Lessons Learned: What the Vasa and IT Security Have in Common

History has a way of repeating, and the lessons learned from the sinking of the Vasa hold as true today as they did on Aug. 10, 1628.

For those not familiar with the Vasa, she was arguably the most powerful warship to sail the Baltic, if not the world. Armed with a panoply of 64 guns, including 48 24-pounders (the latest in heavy cannon design), the Vasa’s broadside firepower was a supreme naval achievement, twice the might of the largest ships sailing in Northern Europe at that time. Built for speed and firepower, the Vasa was destined to be a formidable weapon, having no comparison.

So, what does the Vasa and IT security have in common? But for the cannons and destructive power, nearly everything. To understand the relationship, one must examine the history of the Vasa and why she was doomed to fail.

Under the leadership of King Gustav II Adolf, Sweden became a military juggernaut during the Thirty Years War (1618 – 1648). Facing multiple war fronts and an external battle for his throne, the King needed an advanced naval fortress that could defend against any assault presented. Hence, he needed the Vasa.

But the Vasa had a different fate. When the maiden voyage of the Vasa commenced, a small gust of wind caught the ship, pushing it to one side and allowing water to enter through opened gun ports on its lower deck. Within minutes of setting sail and still within the reaches of the Stockholm harbor, the mightiest of warships had inexplicitly sunk. How could this be?

History shows that this disaster could have been averted. There were numerous warning signs that illustrated the risk at hand. The hull was not sufficiently deep and significantly underweight in ballast. Above the waterline, the superstructure was too tall and heavy. Even a pre-launch demonstration showed that the ship was highly unstable and prone to capsize, yet nothing was done to stop the pending disaster.

Compounding matters were the myriad changes to the ship’s design (many of which were done for purely aesthetic reasons), and a construction pace that left little room for error. In the end the King, who was located in a far-off country, had ultimate approval authority, and by exercising it, he eliminated outside debate and any possibility for constructive criticism, leaving nothing to be altered, corrected or fixed.
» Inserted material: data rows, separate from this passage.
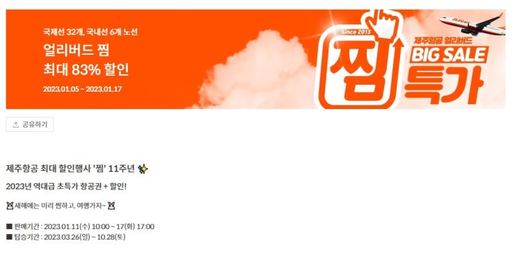 오늘부터 시작하는 제주항공 찜특가 이벤트. 탑승기간은 3월 26일부터 10월 28일까지. 근데 매번 찜특가 행...
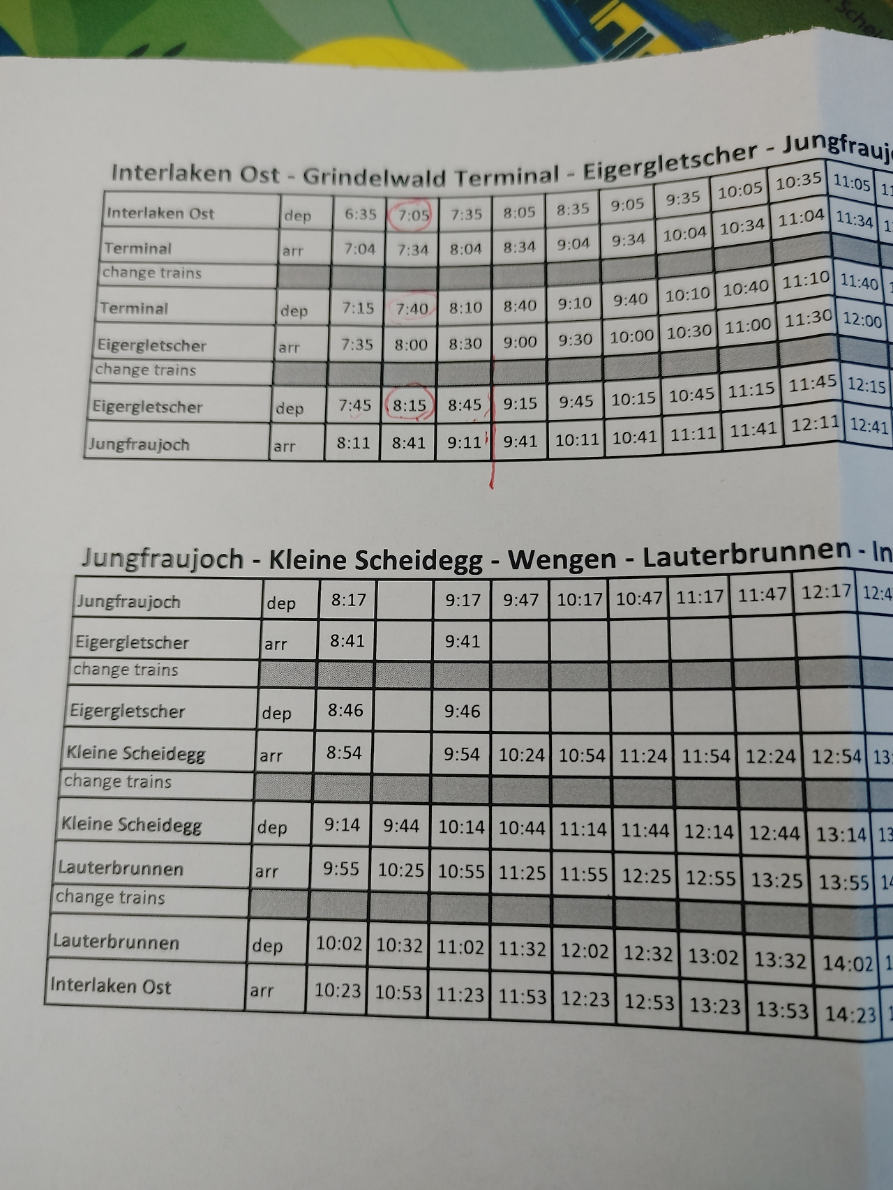 굿모닝 티켓을 사면 시간표를 준다. 아이거글레처에서 융프라우 가는 기차를 8:45까지 타야 한다.
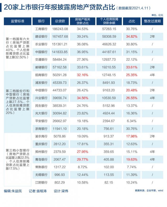 去年年底央行、银保监会颁布房地产贷款集中度制度,对银行的房贷占比作出“红线”指标,也因此,年报季中的上市银行是否“踩线”备受市场关注。
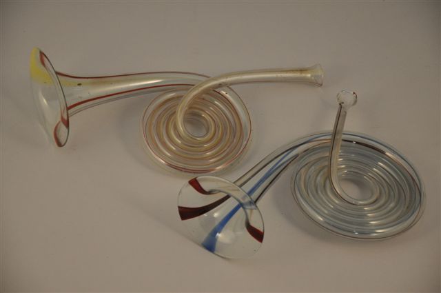 DEUX TROMPES en verre soufflé et étiré, l'une à filets pourpre et bleu, l'autre à filets rouges et jaunes. VENISE ou MURANO (?). Long. 26 et 32 cm (fêle à l'une).
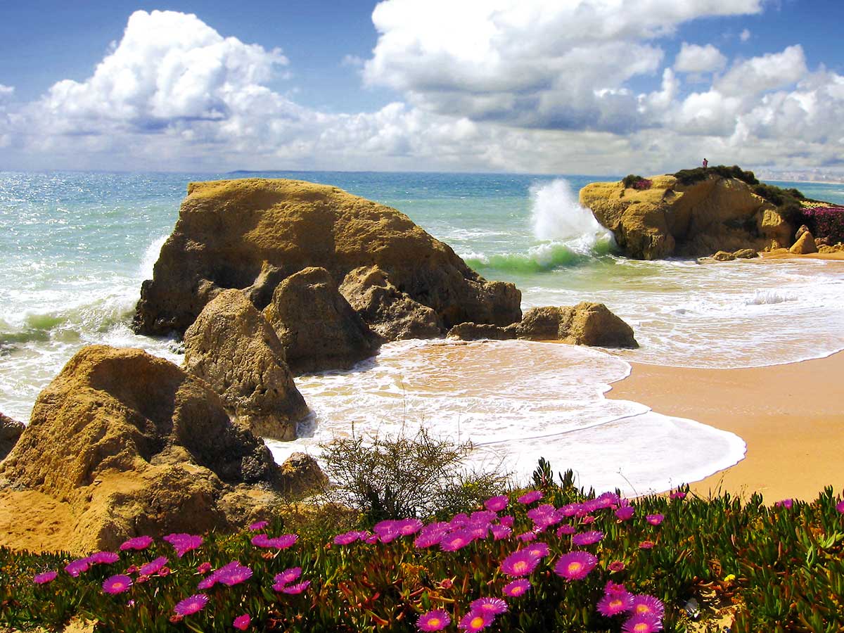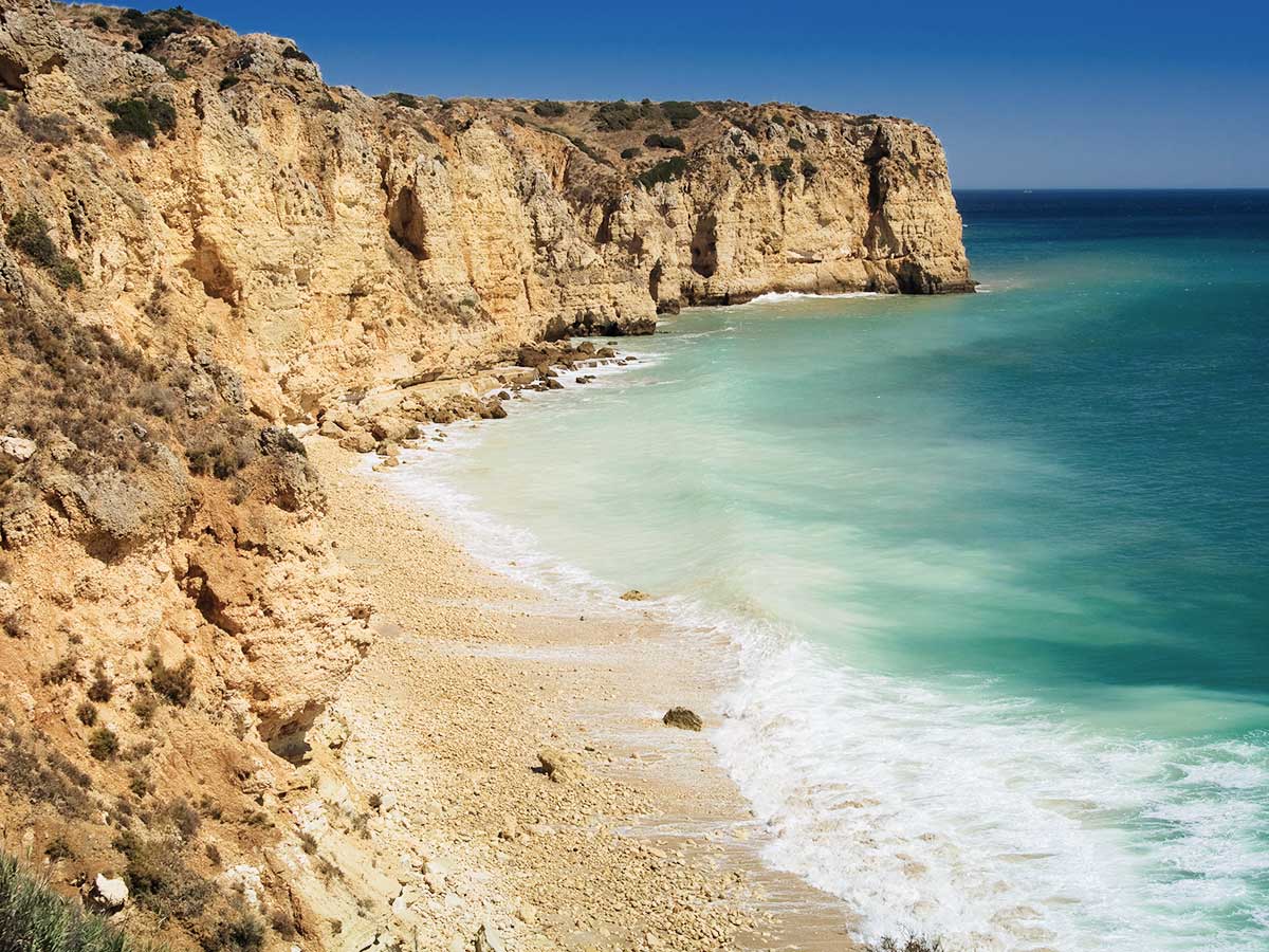 Die Weite des Atlantiks, traumhafte Sandstrände, imposante Steilküsten – das ist die Algarve, die südlichste Region Portugals. Im warmen Sonnenlicht schimmern die gelb- und rötlich braunen Kalk- und Sandsteinfelsen und kreieren eine wundervolle Stimmung. Entfernt man sich von den Küstenabschnitten in Richtung Hinterland erwartet einen ein saftig grünes Hinterland.
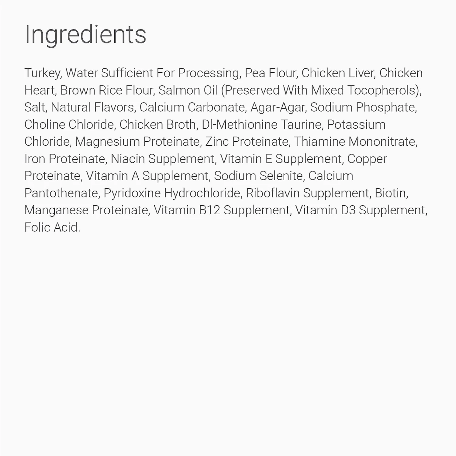 - Humanely raised turkey is the first ingredient in this wet cat food recipe.
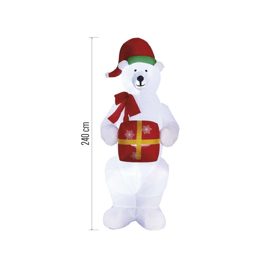 LED lední medvěd s vánočním dárkem, nafukovací, 240 cm, venkovní i vnitřní, studená bílá

By comparison, today’s enterprise networks face relentless attacks from a myriad of sources, driving the need to deploy cutting edge cyber security solutions. Often, these solutions are deployed because of their hype or promise, yet in the end they lack functionality and capability, and ultimately do not meet the actual needs of the organization.
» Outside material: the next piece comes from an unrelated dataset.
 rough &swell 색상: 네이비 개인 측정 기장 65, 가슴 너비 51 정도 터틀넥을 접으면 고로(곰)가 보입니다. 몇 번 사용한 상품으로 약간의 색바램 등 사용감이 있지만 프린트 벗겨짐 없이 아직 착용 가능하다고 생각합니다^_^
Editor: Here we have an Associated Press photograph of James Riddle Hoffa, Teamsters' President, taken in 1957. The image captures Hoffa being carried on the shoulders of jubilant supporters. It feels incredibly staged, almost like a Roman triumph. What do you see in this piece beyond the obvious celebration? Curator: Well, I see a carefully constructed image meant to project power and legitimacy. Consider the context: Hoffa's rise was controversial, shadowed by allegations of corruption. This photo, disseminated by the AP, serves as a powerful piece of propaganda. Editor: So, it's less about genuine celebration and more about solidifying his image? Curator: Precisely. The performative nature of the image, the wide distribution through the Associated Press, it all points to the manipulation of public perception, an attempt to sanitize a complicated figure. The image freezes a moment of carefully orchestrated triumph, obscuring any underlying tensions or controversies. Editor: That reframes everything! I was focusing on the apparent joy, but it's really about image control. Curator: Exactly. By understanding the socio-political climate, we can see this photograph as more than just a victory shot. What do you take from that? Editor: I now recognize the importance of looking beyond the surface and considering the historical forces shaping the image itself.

Which brings up the point about working in IT security. Plans are set in place for specific reasons, but over time business and technology needs change, and the art of understanding the WHY something is being done, or was done in the past, often gets pushed out of the discussion.
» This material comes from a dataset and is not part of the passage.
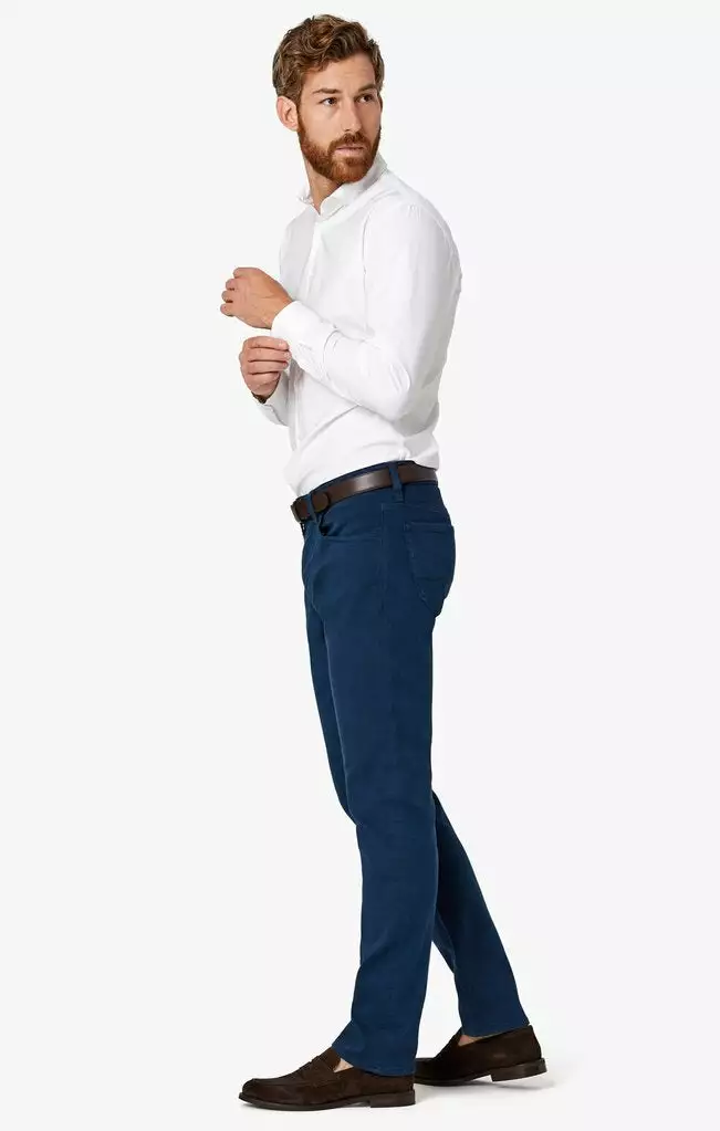 These contemporary blue jeans are disguising the fact that they’re ultra-stretchy, soft, and durable. Cut from colored denim that has added stretch and superior shape retention, these bright, modern pants look distinguished and powerful while feeling effortless to wear from day to night. The higher comfort rise and relaxed fit looks flattering from every angle and provides just the right amount of room to move freely and easily.
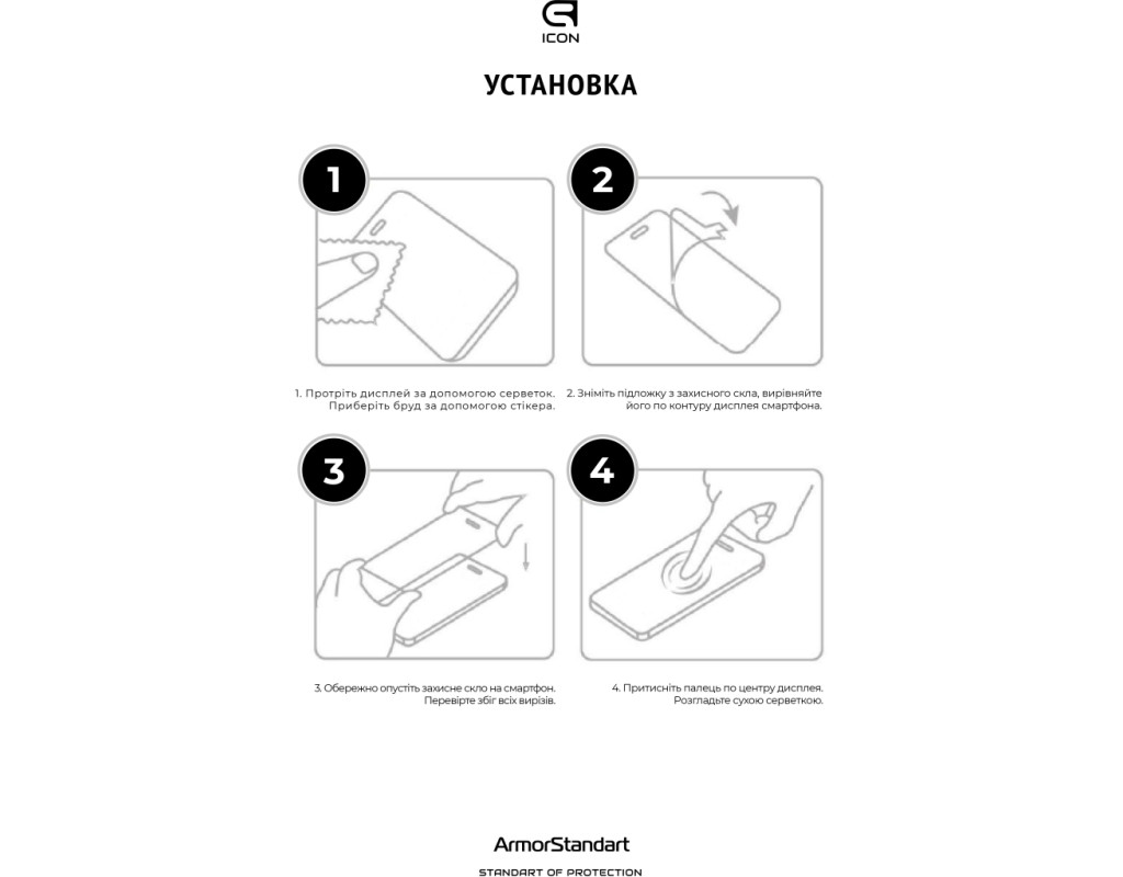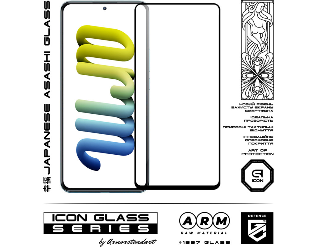 Захисне скло Armorstandart Icon Series — це новий неймовірний рівень захисту дисплеїв смартфонів. У виробництві використовується інноваційне загартоване скло, яке проходить спеціальну обробку упродовж кількох годин, для досягнення максимальної міцності й гладкості поверхні. Завдяки цьому вдалося досягти ідеальної прозорості захисного покриття без спотворень зображення, а також найкращого захисту від тріщин і подряпин. Установивши це захисне скло, чутливість дисплея ніяк не зміниться. У ньому міститься спеціальний матеріал, що перешкоджає появі відколів. Верхня частина скла містить фінально доопрацьоване олеофобне і гідрофобне покриття. Під час використання скла це забезпечує максимально природні тактильні відчуття — пальці легко ковзають по поверхні. Зображення показується з високою чіткістю і природною яскравістю. Задня частина на всій площі покрита великим клейовим шаром найкращої якості. Вдалося досягти того, що повністю немає пухирів під час первинного встановлення. Захисне скло Armorstandart Icon Series має автентичні габарити та товщину на 0,3 мм. Передбачено вирізи під усі датчики, камери та роз'єми. До комплекту входить усе потрібне для швидкого та комфортного встановлення. Особливості:

In this age of advanced interconnectivity between the cyber world and the physical world, cyber attacks have repercussions that extend to physical safety. It is not enough to simply be accountable anymore. Organizations need to move beyond simple accountability and approval checkboxes and aim for a higher purpose – safety – as a priority.

When decisions are made, staff is often reluctant to question or push back. Warning signs are ignored, and for reasons no one can quite explain, when responses are provided, they often fall flat with: “That’s the way we’ve always done it”.

It should not be so.

To avoid this trap, IT security groups should:

• Regularly evaluate plans and challenge the status quo, asking “why” and reviewing best practices and policies to ensure they still meet the current needs, goals and ambitions of the organization.
• Communicate with cross-team members to ensure everyone understands “why” things are done rather than only the “how” things get done.
• Finally, help management understand the consequences of IT and IT security decisions. Ideas should be assessed on their own merits, rather than what they look like on paper or from afar.

Working in IT and cyber security has never been easy or with more consequence. When an environment resembles the Vasa, disaster is bound to result. It is not enough to understand the principles behind how a Vasa environment comes to be. Organizations need to create and foster an environment that openly supports the understanding of the “why” behind approaches and decisions, and must ensure these still meet their original intent. This needs to be core to today’s IT and IT security process.

Bottom Line: As said many times: “Those who do not learn from history are doomed to repeat it.” The Vasa gives us that lesson that we can learn from today.